GMAT Prep Exam Math Questions

[ddohnggo]

Hi,

I have a few (2) math questions from the GMAT Prep Exam, mainly figuring out faster/efficient ways to solve them:

1. A boat traveled upstream a distance of 90 miles at an average speed of (v-3) miles per hour and then traveled the same distance downstream at an average speed of (v+3) miles per hour. If the trip upstream took half an hour longer than the trip downstream, how many hours did it take the boat to travel downstream?

A: 2.5
B: 2.4
C: 2.3
D: 2.2
E: 2.1

Q: I have seen an explanation to the problem that would take more than 2 minutes to complete. My question is what is an alternative way to figure out the answer within a reasonable amount of time or a method that could immediately narrow down the answer choices (I think it's hard since the answer choices do not deviate much from one another).
The answer choice I viewed:

Distance = Rate * Time, so...

90 = (v-3) * (t+1/2) - since it took half an hour longer to go upstream, and 90 = (v+3) * t.

Expand these out:

90 = vt - 3t + v/2 - 3/2
90 = vt + 3t

Subtract the first from the second:

0 = 6t - v/2 + 3/2

Solve for t in terms of v:

6t = v/2 - 3/2
t = v/12 - 1/4

Substitute into the second equation so we can solve for t:

90 = vt+3t = v(v/12-1/4)+3(v/12-1/4)
= v^2/12-v/4+v/4-3/4
= v^2/12 - 3/4

v = sqrt((90+3/4)*12)
= sqrt(363/4*12)
= sqrt(1089) = 33

And since t = v/12-1/4:
t = 33/12-1/4 = 33/12-3/12 = 30/12 = 5/2. It took 2 1/2 hours downstream and 3 hours upstream.

2. The number 75 can be written as the sum of the squares of 3 different positive integers. What is the sum of these 3 integers?
A: 17
B: 16
C: 15
D: 14
E: 13

Q: Is there a quick and easy way to solve this problem? My first intuition was to break 75 into its primes, but realized that did not help. After reviewing the question I wrote out all numbers from 1-8 and their squares and eye balled to see what squared values would sum to 75.

[Guest]

For the first one i think thats the only method i know off

For the second one 1^2 + 5^2 + 7^2 = 75 Hence 13

[StaceyKoprince]

As a general rule, please split different problems into separate threads.

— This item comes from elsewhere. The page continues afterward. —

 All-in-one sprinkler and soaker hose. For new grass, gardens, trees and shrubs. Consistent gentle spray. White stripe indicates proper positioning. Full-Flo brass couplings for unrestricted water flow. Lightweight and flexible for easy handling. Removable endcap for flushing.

I'll go ahead and answer both of these now, but please do this in future. Thanks!

I'll give the intuitive way first and the algebraic way second. Totally up to you which you prefer.

#1
The distance is the same for both trips. The difference in speed for the two trips is 6mph (that is, the boat goes 6mph faster downstream than upstream). So, for every hour that the boat travels downstream, it travels 6 miles more in that time than it does during an hour spent traveling upstream. Imagine two boats doing the downstream and upstream portions simultaneously. At the one hour mark, the downstream boat is 6 miles ahead. At the two hour mark, the downstream boat is 12 miles ahead. And so on.

A 6mph difference over 90 miles translates to a half hour difference in travel time (given by the problem). So the upstream boat needs half an hour extra to make up the distance it loses by going 6mph slower.

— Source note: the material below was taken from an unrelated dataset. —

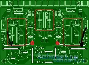 фон говоришь есть !щас только заметил что земля неправильно разведена!!! под парами кондюков которые по 0.33-4.7мкф есть по две горизонтальных перемычки-удали верхние длинные а точки их пайки которые ближе к центру платы соедини каплей припоя с землёи входов-ну это к которой оплётка входных проводов припаяна .так будет правильно и дай бог фон исчезнет

Your choices are all between 2.1 and 2.5 hours, so let's start at 2 hours to make this a little easier. Assume that the downstream boat takes 2 hours, which means it is 12 miles ahead of the upstream boat. Also, calculate the speed: to go 90 miles in 2 hours, the boat must be traveling 45mph. If the upstream boat is 6mph slower, it must be traveling 39mph. In half an hour, that boat would travel 19.5 miles. So that upstream boat must be going significantly slower, because it only has 12 miles to make up in that half hour, not 19.5. 2 hours is obviously not the right answer, because it isn't there, but neither are the numbers very close to 2, because 12 and 19.5 are pretty far apart.

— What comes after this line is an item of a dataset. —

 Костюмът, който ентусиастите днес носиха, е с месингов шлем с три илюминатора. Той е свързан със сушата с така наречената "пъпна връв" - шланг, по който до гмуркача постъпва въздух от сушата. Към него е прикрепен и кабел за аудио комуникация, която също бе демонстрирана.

So swing to the other end of the spectrum: try 2.5. If the downstream boat takes 2.5 hours, it will be 15 miles ahead of the upstream boat and its speed will be 90/2.5 = 180/5 = 36 mph. The upstream boat, then, must be traveling 30mph and, in half an hour, would travel 15 miles. Hey! That's exactly the distance we said it would be behind! That's the right answer.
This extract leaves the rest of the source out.